We create a custom `Dataset` that uses our `generate_bike_sample` function. The `DataLoader` will then handle batching.

In [None]:
class BikeDataset(Dataset):
    """PyTorch Dataset for generating bike images and masks on-the-fly."""
    def __init__(self, img_size, num_samples):
        self.img_size = img_size
        self.num_samples = num_samples # Effectively, steps per epoch

    def __len__(self):
        # Length is the number of samples we want to generate per epoch
        return self.num_samples

    def __getitem__(self, idx):
        # Generate a new sample each time __getitem__ is called
        input_np, mask_np = generate_bike_sample(self.img_size)

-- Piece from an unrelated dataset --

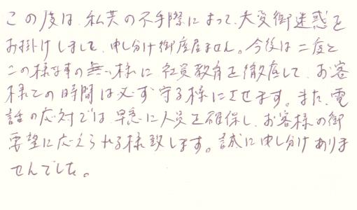 | ■3月27日:佐川急便事件勃発! という事でようやくまとめおわりました。かな〜り駄目駄目な生活事情が垣間見えてますが、 ツッコムな!! ・事件前編 3/24の夜に持っていこうと思っていた物を通販で購入。購入先から3/23に発送したよ! とメールは届いていて注文時にも3/24午前中指定で出していたので気長に。 ・3/24(土)午前5時半 起きた〜♪・・・・ちょっとちょっと・・・誰?ジジババみたいな時間に起きてなんて思った奴!! 目覚まし無くても起きちゃうんだからしょうがないじゃん・・・・・・・・ で、まず前日撮っておいたケロロ軍曹を観て〜6時から洗濯しつついつものようにTVを日本TVに あわせて「ズームインサタデー」を観る。 6時50分くらいから何気なくGCPSOを立ち上げてマルチモードで飴の移動。 7時半、TV東京に切り替えて遊戯王=>デルトラクエスト=>おはコロシアム=>おどぎ銃士赤ずきん=>ぷるるんっ!!しずくちゃん =>ふしぎ星のふたご姫Gyu!=>家庭教師ヒットマンリボーン!! と続けて見ながらPSU。うん、自堕落的だ(^^;; 全て観終わって10時半。先にヤマト急便が来てCDを代金引換で受け取る。 今回はヤマト遅かったね〜と思いつつまだ佐川が着てないことに気付く。まぁ佐川だし。 再びGCPSOを立ち上げて飴の交換(3/26秘密日記参照)。 その後再びPSUを始めて・・・・12時。まだ来ない・・・・・あれ〜?と思い問い合わせ番号で確認してみる。 11:25 不在の為持ち帰り ・・・・は?私ずっと家にいたけど???玄関に向かうも不在通知など1つもなし。 ・3/24(土)午後0時10分 何寝ぼけた事言ってるんだ?迷わず問い合わせ番号に電話。ぷるるるる・・・ぷるるるる・・・・ 誰もでねぇ・・・通話中でも無いのになんだこれ?とかけ続けて20分経過。 ぷるるるる・・・ぷるるる・・・ガチャッ!!・・・・・ツー、ツー、ツー・・・・・ うわぁ・・きりやがったよ!!なんだ?この会社・・・・ 更にかけ続けて12時35分。もう時間ねーよ!!急遽集荷専用の電話にかける。 「はい、佐川急便集荷受付センターです」 ゴルァ!!! 状況を細かく説明し、荷物は一体どうなってるのか?なんで問い合わせ専用で誰も出ないのか問い詰めました。 そこで確実に引き出した事は「早急に確認を取って連絡させます」との事。 ちなみに私はそんなに長くいられないから必ず「連絡を御願いします」と言って切りました。 12時50分・・・まだ連絡なし。しょうがない・・・・と渋谷へ移動。アイドルマスターのブースト1通と 前日選ばれたラッキープロデューサーを消化。急いで家にとって帰る。 連絡はと・・・・ん?玄関になんか紙が落ちてる。 不在通知票・・・・電話無し。 既にもう14時になってるし・・・・ってまた問い合わせ番号で誰もでねぇよ!!!! 一体どうなんってるんだよ!!!再び集荷専用に電話。 ゴルァァァァァ!!!!!!!! 状況を再び細かく説明し、荷物は一体どうなってるのか?なんで問い合わせ専用で誰も出ないのか、 なんで連絡を入れることになってるのがこんな不在票に取って代わってるのかを問い詰めました。 ちなみに14時を過ぎているので普通に再配達を頼むと16時〜18時配達になります。 ってその時間になったらいない可能性しかないじゃん!!! 電話の向こうは平謝り。とにかく17時までに持って来い!!と怒鳴りつけGCPSOへ。 連絡を入れるどころかまったく内部の統率取れて無いじゃん・・・・・・ で、3/26の秘密日記に続く訳なんですよ。 実際に持ってきたのは16時頃。担当ドライバーも平謝りでしたがはっきりいって呆れ返って 文句の言葉も出てきませんでした。 ・3/24(土)午後17時30分 楽しかったGCPSOを抜け、出かける用意をする為に軽くお風呂に入って・・・ちょびっとだけ 時間あるかな?ここが間違いの第一歩でした・・・・・・・・・ GCPSOオフラインを始めて・・・・始めて・・・・・・今起きた〜・・・20時?>馬鹿者 はい、約束の時間すっとばしました・・・・ブログで見る限りでは他の方もいらっしゃるそうだったので もう諦めて不貞寝。水月さん、本当にゴメン!!! で、翌日6時頃起きて・・・あれ?留守電が入ってる?後で聞けばいいか〜と洗濯しようとすると 玄関にこんなものが。 ![]() ![]() なんか名刺の裏にメッセージが書かれてるんですけど。しかも留守電の中身もこの人からだったらしく、 謝罪の言葉と再び謝罪に来るような事を言ってました・・・・・・・ が!・・・今日現在、再びの連絡及び訪問などは一切無し。 これが誠意ある対応ですか・・・・・・ 今日の一言:どこの通販会社も佐川やめてヤマトにしようよ〜配送料高くてもいいからさ〜。 |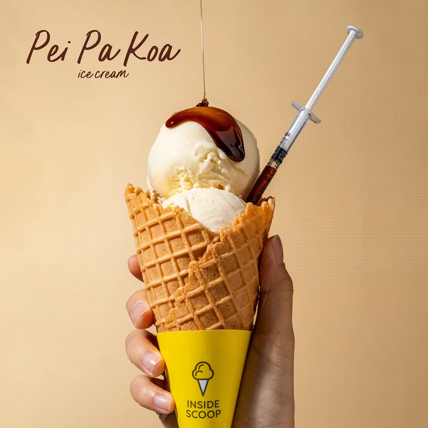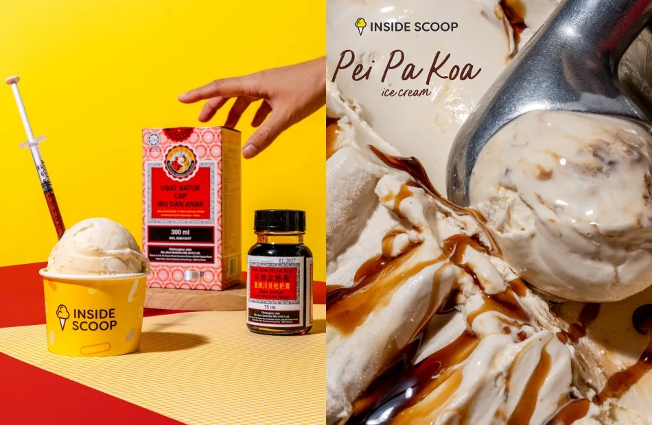 The renowned ice cream brand Inside Scoop has unveiled their latest limited unconventional flavour, inspired by Malaysia’s favourite cough syrup, Pei Pa Koa, also known as Cap Batuk Ibu dan Anak. This new flavour features a base of creamy Vanilla Bean ice cream, swirled with real Pei Pa Koa syrup.

        # Convert NumPy arrays to PyTorch tensors
        # Input: Add channel dimension (C, H, W) and normalize to [0, 1]
        input_tensor = torch.from_numpy(input_np).float().unsqueeze(0) / 255.0

        # Mask: Add channel dimension and normalize to [0, 1] (for BCE loss)
        mask_tensor = torch.from_numpy(mask_np).float().unsqueeze(0) / 255.0

        return input_tensor, mask_tensor

# Create DataLoaders for training and validation
# For validation, we generate a separate set of samples on-the-fly
num_workers= 0 # os.cpu_count()//2
train_dataset = BikeDataset(IMG_SIZE, STEPS_PER_EPOCH * BATCH_SIZE)
train_loader = DataLoader(train_dataset, batch_size=BATCH_SIZE, shuffle=True, num_workers=num_workers) # Shuffle batches each epoch


val_dataset = BikeDataset(IMG_SIZE, VALIDATION_STEPS * BATCH_SIZE)
val_loader = DataLoader(val_dataset, batch_size=BATCH_SIZE, shuffle=False, num_workers=num_workers)

# Let's check one batch
try:
    first_batch_img, first_batch_mask = next(iter(train_loader))
    print("Successfully loaded one batch.")
    print(f"Image batch shape: {first_batch_img.shape}") # Should be [BATCH_SIZE, 1, IMG_SIZE, IMG_SIZE]
    print(f"Mask batch shape: {first_batch_mask.shape}")
    print(f"Image batch dtype: {first_batch_img.dtype}") # Should be torch.float32
    print(f"Image batch min/max: {first_batch_img.min():.2f}/{first_batch_img.max():.2f}") # Should be ~0.0/1.0
    print(f"Mask batch min/max: {first_batch_mask.min():.2f}/{first_batch_mask.max():.2f}") # Should be 0.0/1.0
except Exception as e:
    print(f"Error loading batch: {e}")
    print("Check num_workers or data generation logic if issues persist.")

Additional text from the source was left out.